A robots.txt is a file put on the server that tells various search engine bots not to crawl or index some of the sections or webpages of that particular website. The website owner can use robot.txt file to prevent indexing completely, to prevent some of the portions of the website from being indexed or to display individual instructions about indexing to a particular search engine.

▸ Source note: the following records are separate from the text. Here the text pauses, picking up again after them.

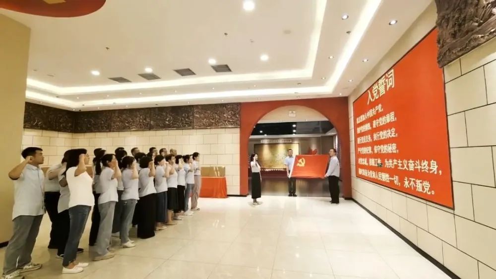 “我(wǒ)誌願加入中國共產黨…”活動開始,全(quán)體黨員莊嚴肅穆、整齊列隊,麵對鮮紅的黨旗,高舉(jǔ)右拳,重溫入黨誓詞。一句(jù)句鏗鏘有力的誓詞在現場響起,每一位黨員(yuán)的聲音都凝聚著對信仰的堅守。鮮紅的黨(dǎng)旗在前方(fāng)指引,高舉的右拳是初(chū)心的見證,整齊的隊列是信(xìn)仰的凝聚,每一(yī)次(cì)對入黨誓詞地重溫,不僅是對入黨(dǎng)初心的回望,更是對使命擔當的重申。
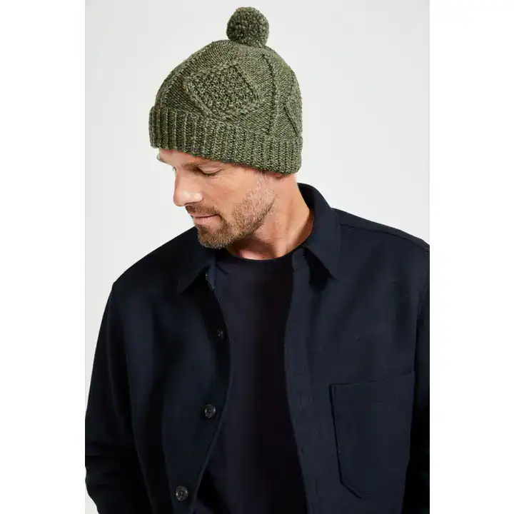 Part of the Kinard diamond stitch range, this beanie features a beautiful Aran diamond stitch filled with moss stitch, between corded and rope cables. As well as this, an expertly crafted Aran pom pom adorns the top for added texture and Aran flair.
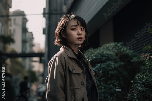 woman, city, street, cinematic, portrait, jacket, korean, young, adorable, urban, life, fashion, face, style, trendy, fashionable, beauty, short, hair, model, 1, clothing, brunette
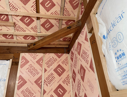 ・天井断熱:ネオマフォーム60㎜。既存の垂木間に納めた。
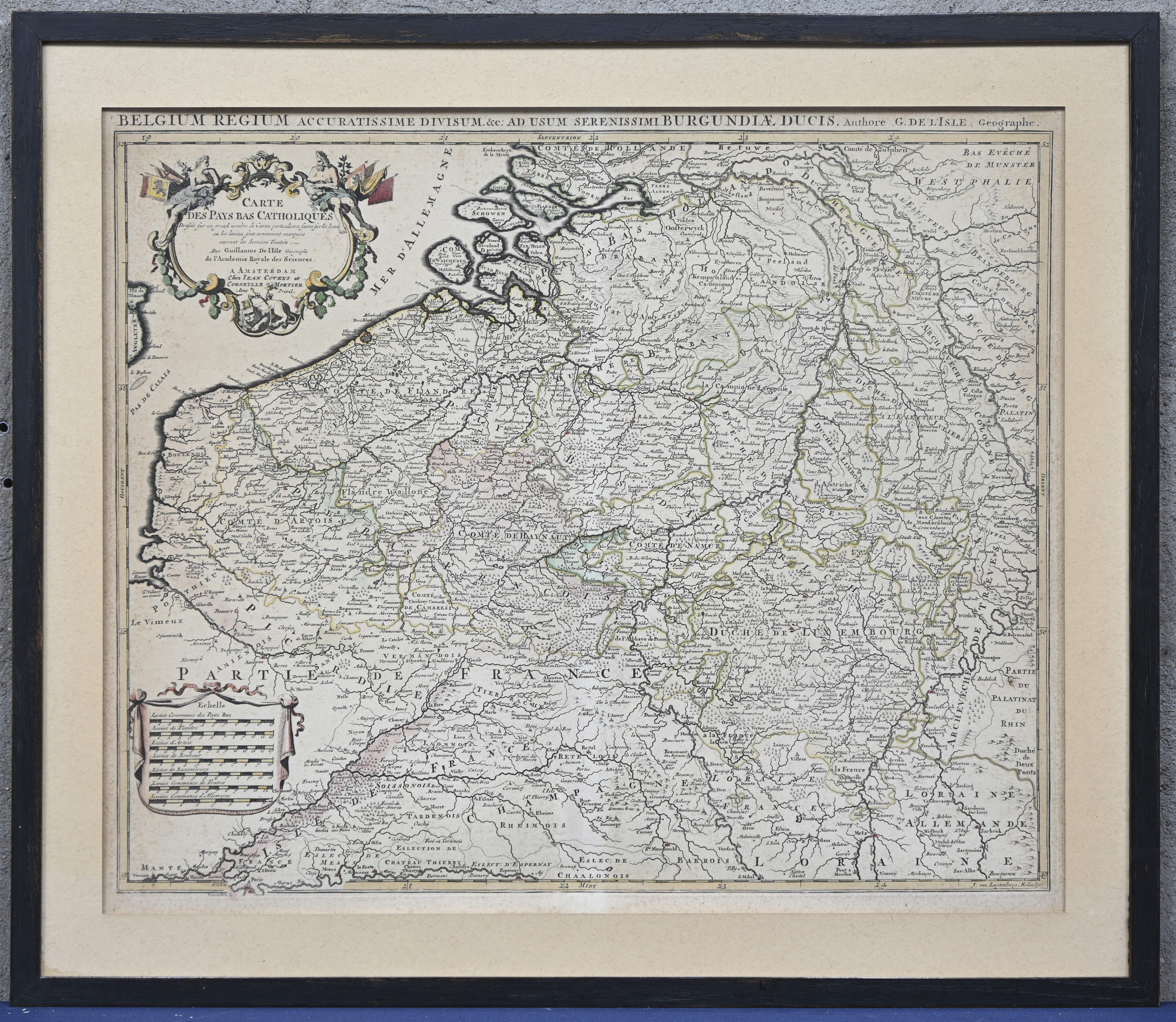 ‘Belgium Regium, Carte Des Pays Bas Catholiques’, een ingekleurde antieke stadskaart door Guillaume de l'Isle. Met centrale vouw. 18e eeuw.
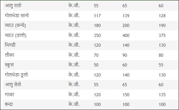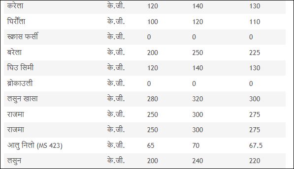 आज कृषि तथा पशु विकास महाशाखा गण्डकी प्रदेश पोखराले सार्वजनिक गरेको तरकारीको मूल्य अनुसार तरकारीको भाउ ह्वात्तै बढेको छ ।
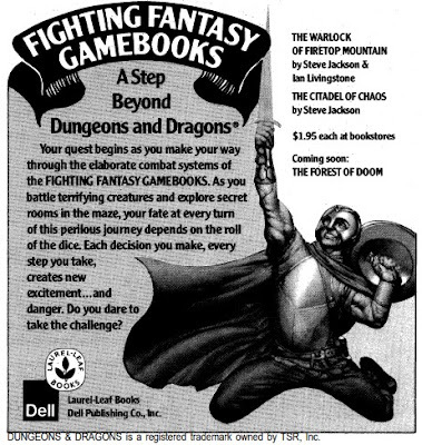 Ian Livingstone's editorial references an unnamed survey of unit sales of RPGs in the USA. According to this survey, the ten top selling games are, in order: D&D, AD&D, Traveller, The Fantasy Trip, Top Secret, Chivalry & Sorcery, Tunnels & Trolls, RuneQuest, Space Opera, and Arduin Grimoire. Quite the list, isn't it? I'm not at all surprised to see both D&D and AD&D there; the same goes for Traveller. With the exception RuneQuest and perhaps Tunnels & Trolls, I wouldn't have expected any of the others to be on the list at all, never mind in the top ten.
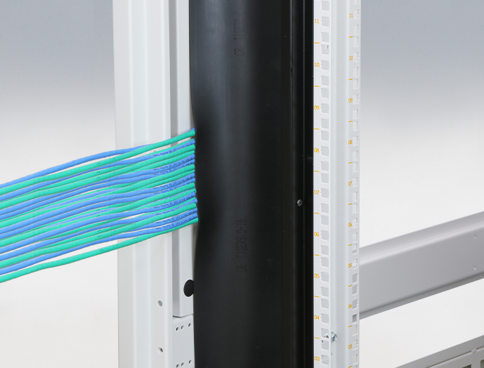 ●パネルマウントフレームとラック内側面の隙間を埋め、収納機器の排出する熱が前面側に回りこむのを遮蔽し、冷却効率を向上します。
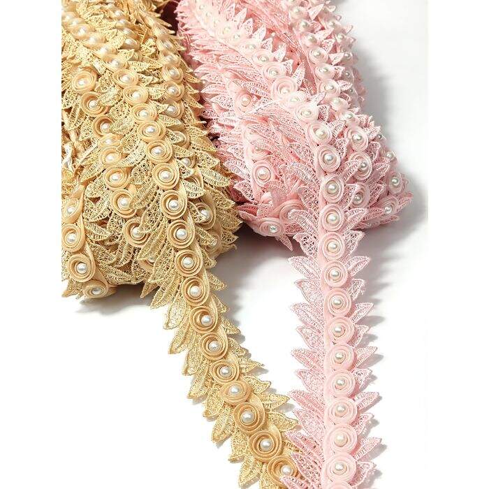 Aplicação de Guipir com Pérolas no meio- 1 Metro Selecione a Cor
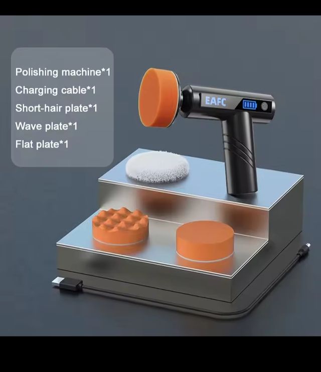 Detalles del productoKit de pulidora portátil EAFC para coches, con varios accesorios para diferentes acabados.
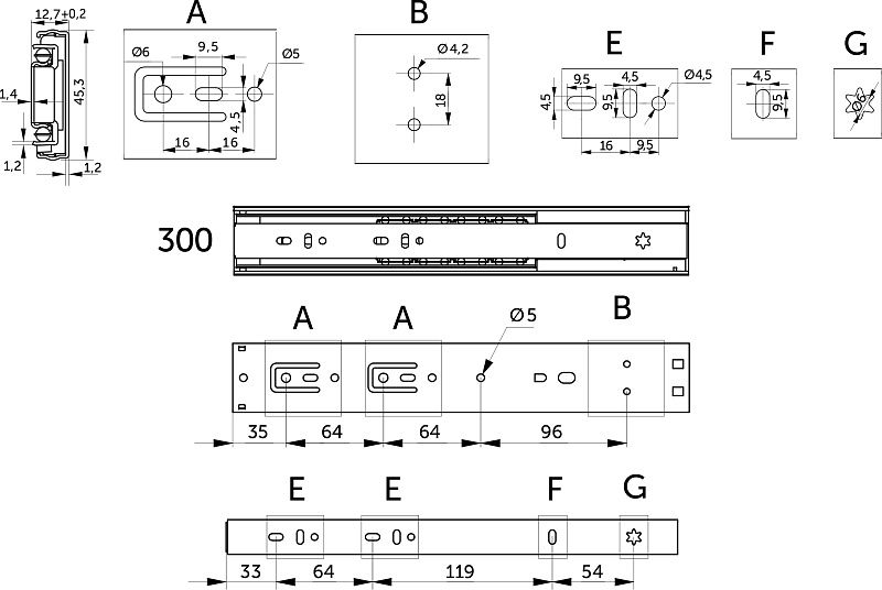 Направляющая шариковая L-300 h=45 SOFT CLOSE A PRIME by AKS 114793, описание:
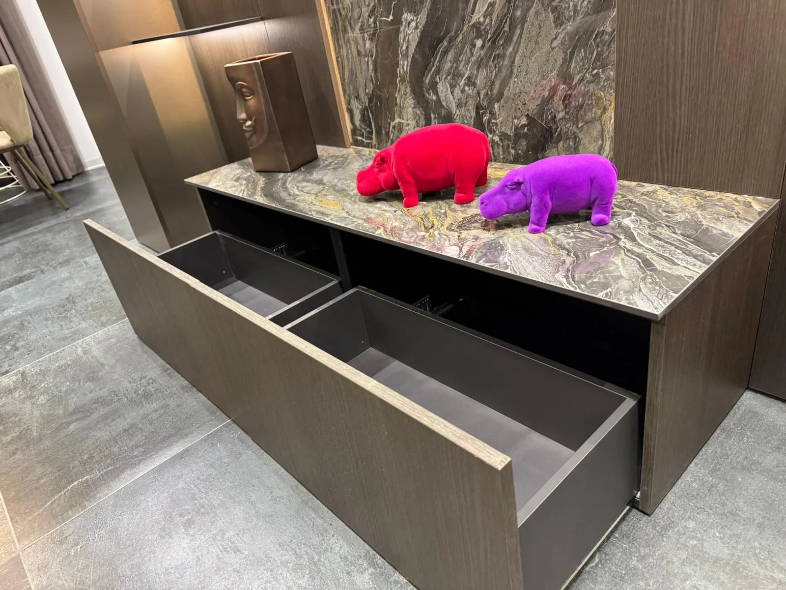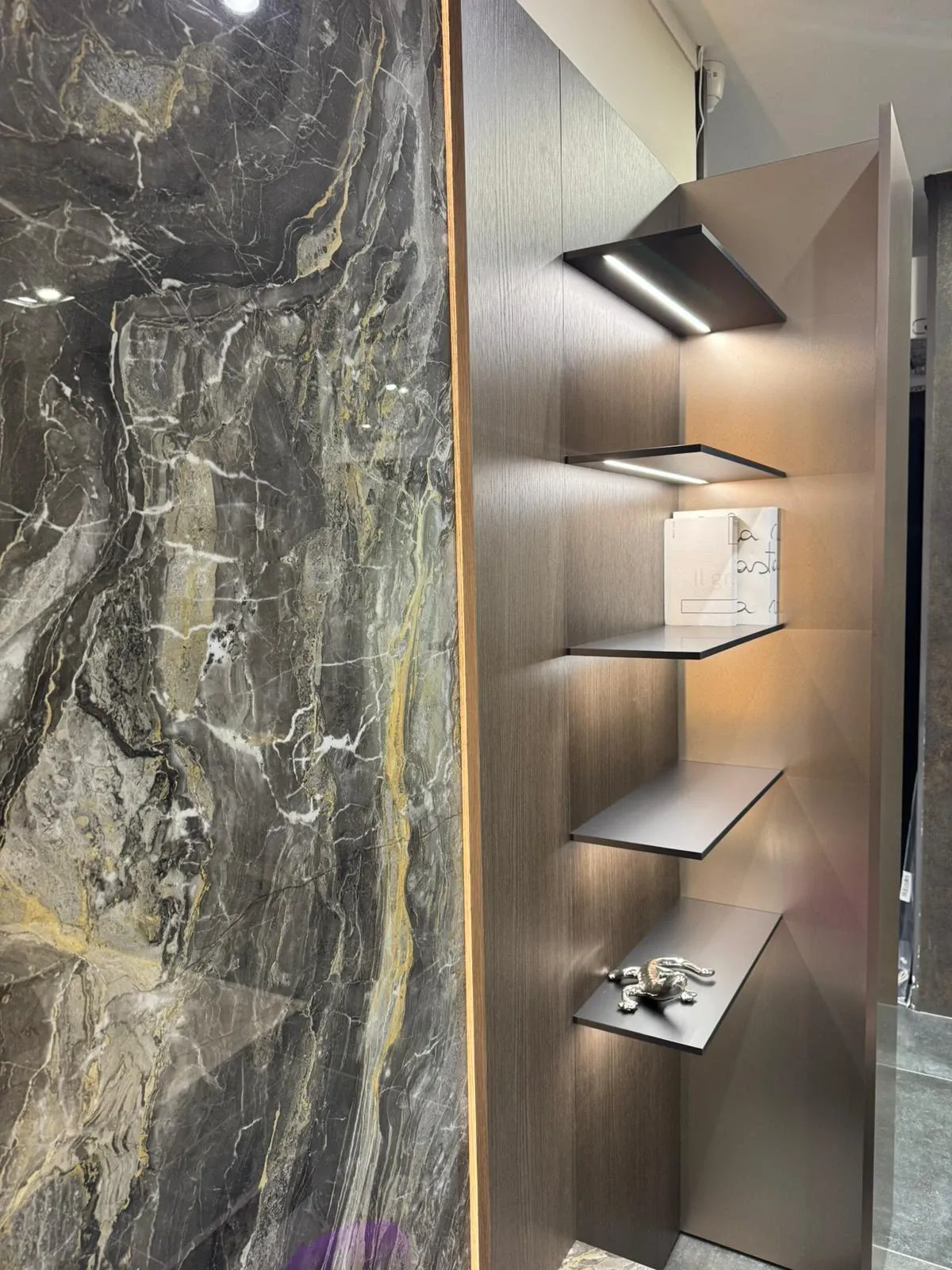 Per impreziosire la parete è stato inserito sia il top che la parte centrale della boiserie in gres OROBICO DARK LUCIDO dell'azienda Marazzi.

The file robots.txt itself is a simple text file that can be made in simple NotePad. It needs to be kept in the root directory of the website, which is the directory wherein the homepage or indexed page is stored. All search engines, or at least all the popular ones, now observe a robots.txt file as soon as the spiders or searchbots come on the website. Therefore, even if we do not currently require excluding the spiders from any portion of the website, to have a robots.txt file is yet a good way as it can serve as a kind of invitation to the website.
There are many situations where the webmaster or website owner might wish to exclude spiders from some portion or the entire site. Some of them are mentioned below:-
When the website is still in primitive stage, or some of the web pages, and you do not want that bare or raw work to be visible in search engines
You got information that, though not sensitive enough to worry about protecting the password, it is of no interest to anybody but that it is meant for and you would like not to appear on the search engines.
Most of the people will have some directories that they do not want to be crawled. - for instance, no body would like to have their cgi-bin to get indexed! Or to index a directory that simply says thankyou or shows some errors on the web page.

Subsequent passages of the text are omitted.